The Knoxville-based utility is idling 1,000 megawatts of coal-fired generation while spending $2.5 billion over five years to finish a 1,200-megawatt reactor at its Watts Bar site as it expands power production across its nuclear fleet by October 2012. TVA said one megawatt of nuclear capacity can provide power to about 585 homes in the region.

The recommended plan includes a range of idling coal-fired power generation, possibly up to another 3,700 megawatts by 2017 and, under long-range nuclear plans now taking shape, expanding nuclear power up to 5,900 megawatts by 2029.

TVA operates 29 hydroelectric dams, 11 coal-fired power plants, three nuclear plants and 11 natural gas-powered facilities that can produce about 34,000 megawatts of electricity.

"It is an approach to evaluating the future," Brinkworth said of the plan. "What we try to do is look at various options for the future, taking a new look at future power across scenarios, and then try to plan our business to be successful in more than one of those futures."

The Southern Alliance for Clean Energy in a statement after the news conference congratulated TVA for "including meaningful public participation" in developing the recommended plan.

"Now, key decisions by the TVA board, which is moving away from coal in several proposals, and senior management will determine how beneficial these reform efforts will actually be," said alliance director Stephen Smith.

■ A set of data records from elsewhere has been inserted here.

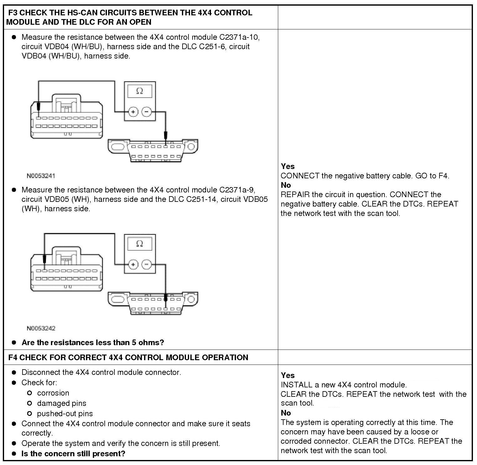 PINPOINT TEST F: THE 4X4 CONTROL MODULE DOES NOT RESPOND TO THE SCAN TOOL
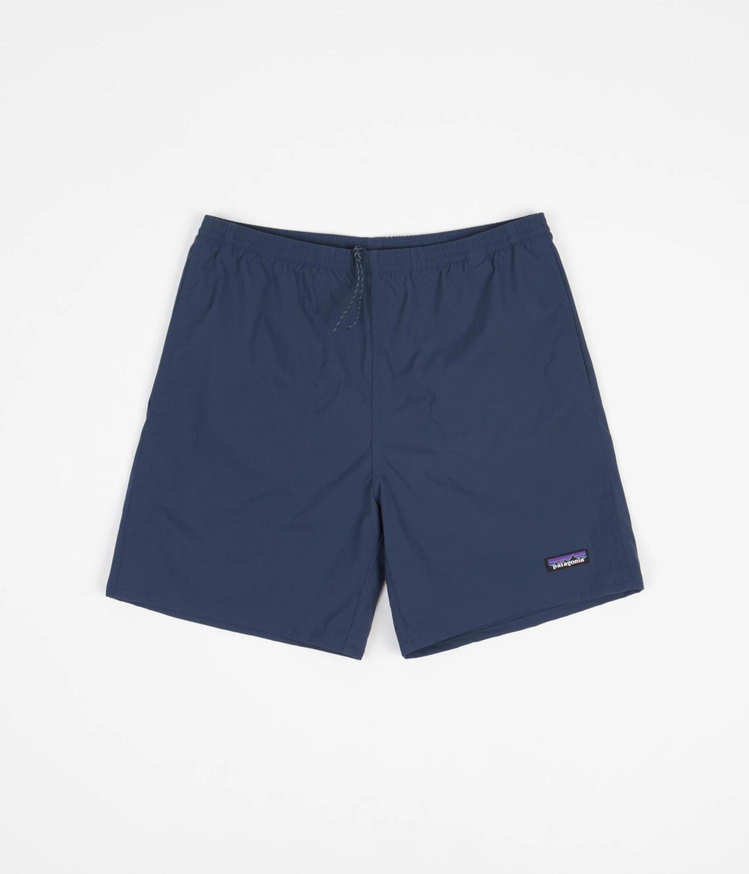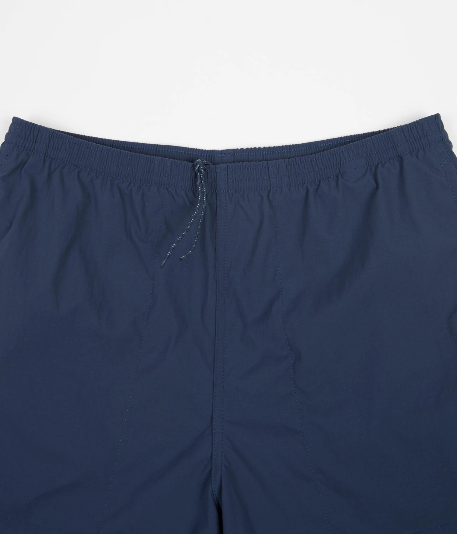 Patagonia Baggies Lights Shorts NetPlus® in Tidepool Blue. Helping reduce ocean plastic with a construction crafted from NetPlus® 96% postconsumer recycled nylon faille and 4% elastane, these above-knee Patagonia shorts are tailored to a slim fit and are Fair Trade Certified sewn. With a 6.5” inseam and a PFC-free DWR coated finish, these quick drying baggies shorts feature a woven elastic waist, an integrated drawcord fastening and a breathable mesh lined interior for added comfort. Two drain-and-dry mesh pockets can be found either side of the waist, the right doubling as an integrated stuffsack, with classic embroidered P-6 flag label branding sealing the design above the left cuff.
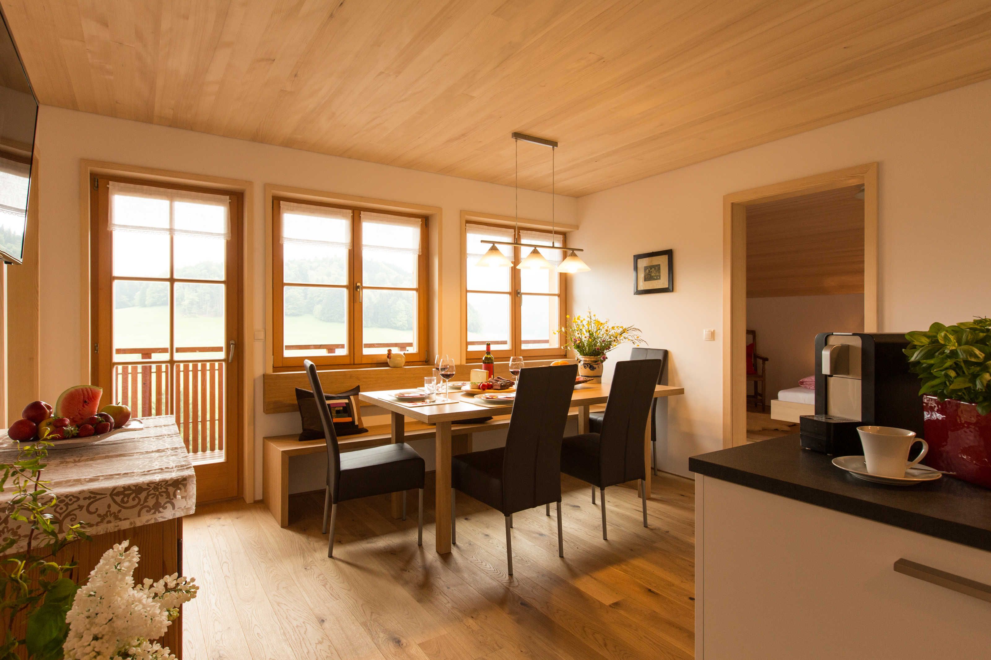 Unsere Ferienwohnung wurde aus heimischem Holz errichtet und bietet Platz für 5 Personen.
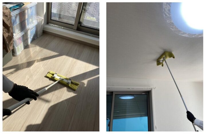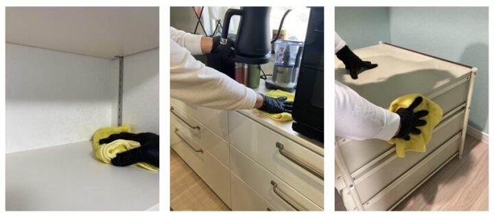 クローゼット内、ラック、引き出し、ドアまわりなども含めて対応し、各所の状態に合わせて丁寧に拭き上げています。
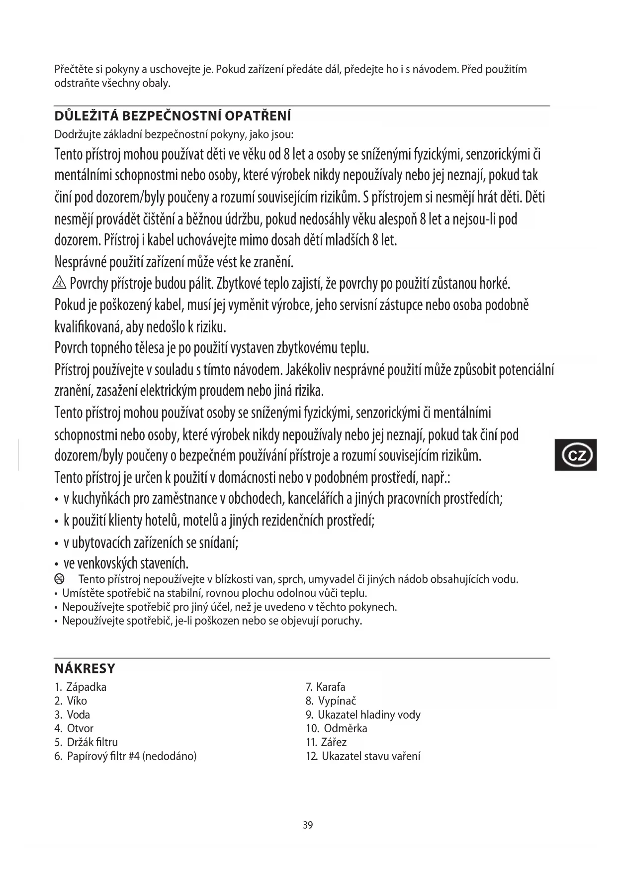Во избежание воздействия вредных веществ на окружающую среду и здоровье приборы и батареи одноразового или многоразового использования, помеченные одним из этих символов, необходимо утилизировать отдельно от несортированных бытовых отходов. Обязательно утилизируйте электрические и электронные изделия, а также (если это применимо) батареи одноразового или многоразового использования в соответствующих официальных пунктах повторной переработки / сбора отходов.39 Přečtěte si pokyny a uschovejte je. Pokud zařízení předáte dál, předejte ho i s návodem. Před použitím odstraňte všechny obaly. DŮLEŽITÁ BEZPEČNOSTNÍ OPATŘENÍ Dodržujte základní bezpečnostní pokyny, jako jsou: Tento přístroj mohou používat děti ve věku od 8 let a osoby se sníženými fyzickými, senzorickými či mentálními schopnostmi nebo osoby, které výrobek nikdy nepoužívaly nebo jej neznají, pokud tak činí pod dozorem/byly poučeny a rozumí souvisejícím rizikům. S přístrojem si nesmějí hrát děti. Děti nesmějí provádět čištění a běžnou údržbu, pokud nedosáhly věku alespoň 8 let a nejsou-li pod dozorem. Přístroj i kabel uchovávejte mimo dosah dětí mladších 8 let. Nesprávné použití zařízení může vést ke zranění. h Povrchy přístroje budou pálit. Zbytkové teplo zajistí, že povrchy po použití zůstanou horké. Pokud je poškozený kabel, musí jej vyměnit výrobce, jeho servisní zástupce nebo osoba podobně kvalifikovaná, aby nedošlo k riziku. Povrch topného tělesa je po použití vystaven zbytkovému teplu. Přístroj používejte v souladu s tímto návodem. Jakékoliv nesprávné použití může způsobit potenciální zranění, zasažení elektrickým proudem nebo jiná rizika. Tento přístroj mohou používat osoby se sníženými fyzickými, senzorickými či mentálními schopnostmi nebo osoby, které výrobek nikdy nepoužívaly nebo jej neznají, pokud tak činí pod dozorem/byly poučeny o bezpečném používání přístroje a rozumí souvisejícím rizikům. Tento přístroj je určen k použití v domácnosti nebo v podobném prostředí, např.:
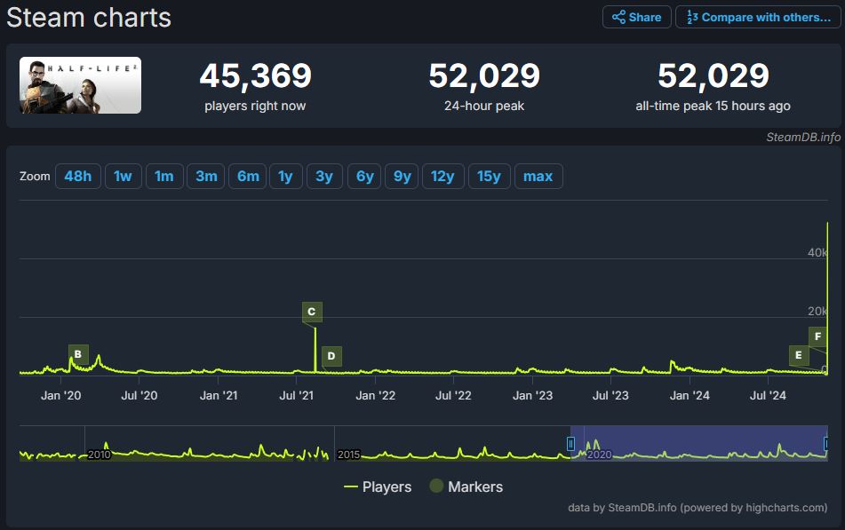 Фанаты массово вернулись в Half-Life 2 после недавнего юбилейного обновления. На момент написания статьи пиковый онлайн достиг 52 029 игроков. Это больше, чем когда либо с тех пор, как Valve начала отслеживать онлайн — то есть с 2008 года. Неплохо для проекта 20-летней давности!
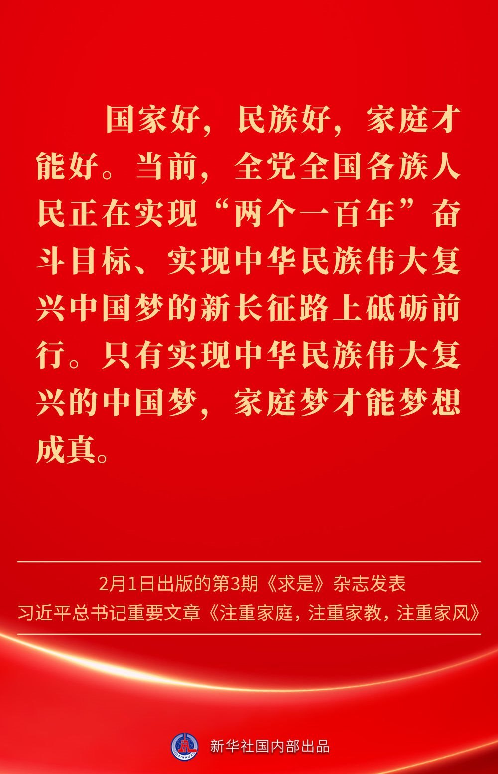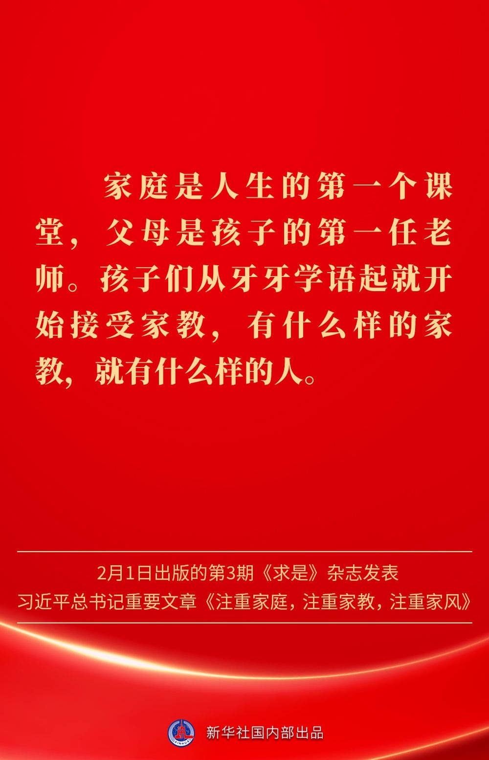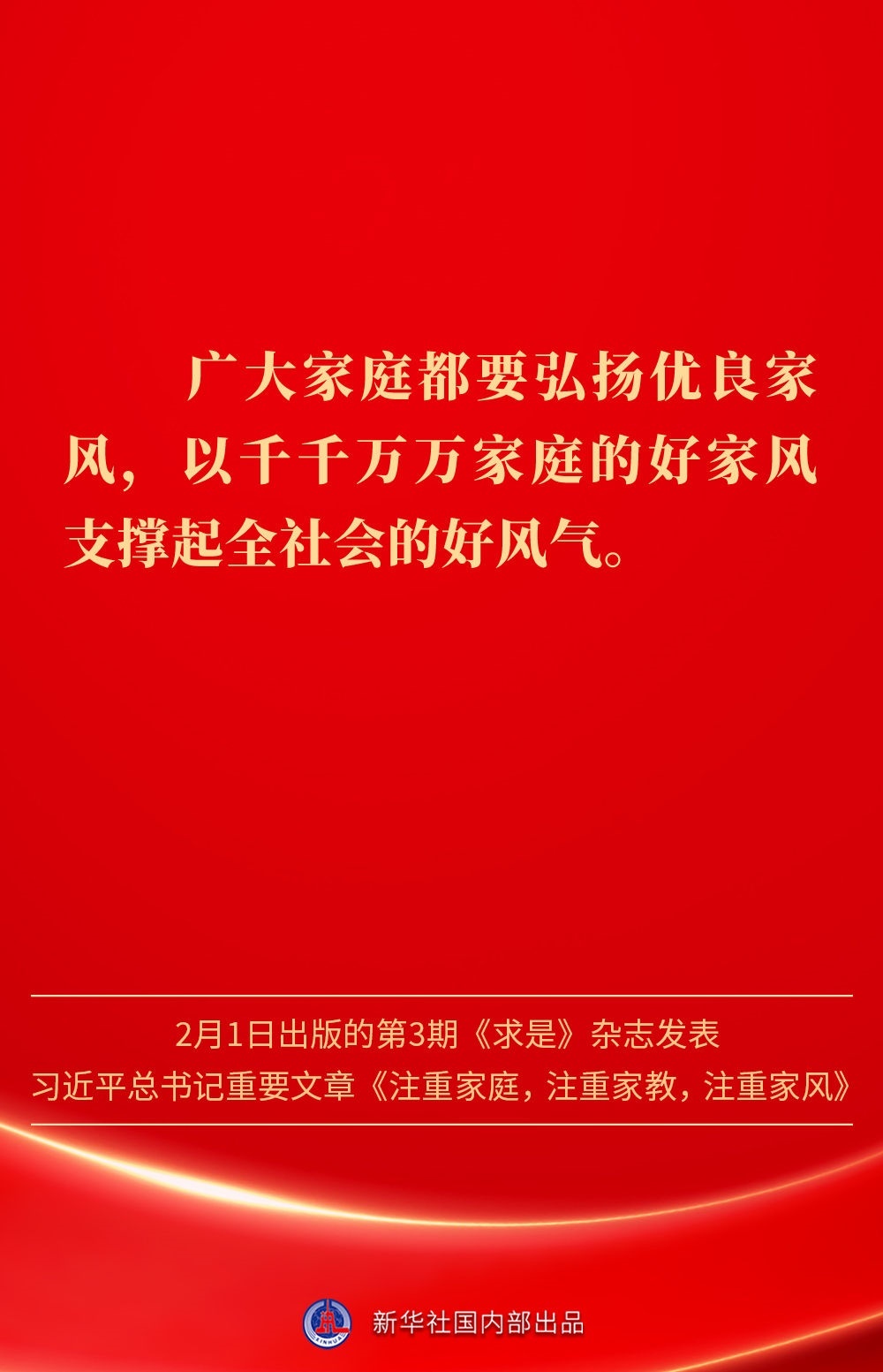萬家團圓共慶新春佳節(jié)之際,2月1日出版的第3期《求是》雜志發(fā)表習近平總書記重要文章《注重家庭,注重家教,注重家風》。為什么要注重家庭、家教、家風?如何做好家庭文明建設?習近平總書記這樣闡述——
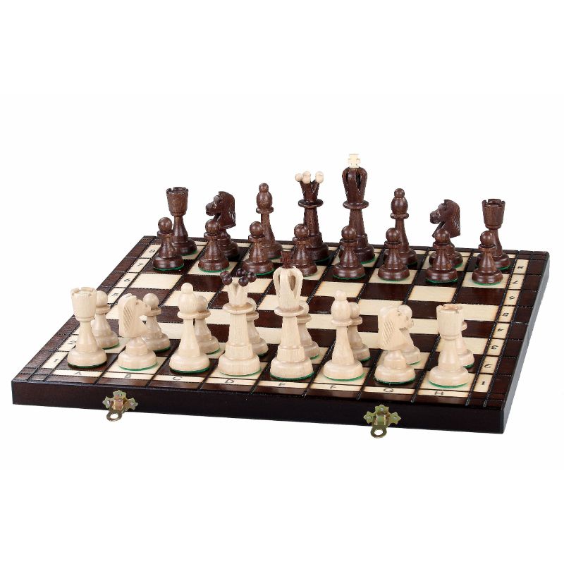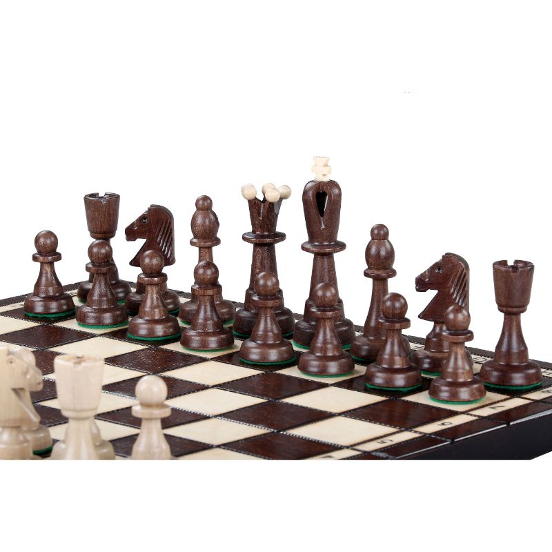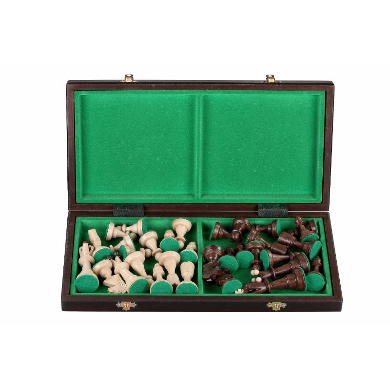 Este é um xadrez popular graças ao design clássico das suas peças. Um tabuleiro de xadrez dobrável levemente ornamentado que possui dois compartimentos com forro de feltro para o armazenamento das peças no interior.
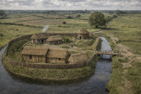 A speculative reconstruction of the site in the early 12th century

He said the plan shows that, despite coal method criticisms from some observers, the highest levels of coal retirements, energy efficiency and renewable energy are the best choices.

Smith said the plan's evaluation for beyond 2020 "is not as strong" as for the current decade. He recommended that the TVA board reconsider its plans to expand the Bellefonte Nuclear Plant in northeast Alabama "and put even more coal plant retirements on the table."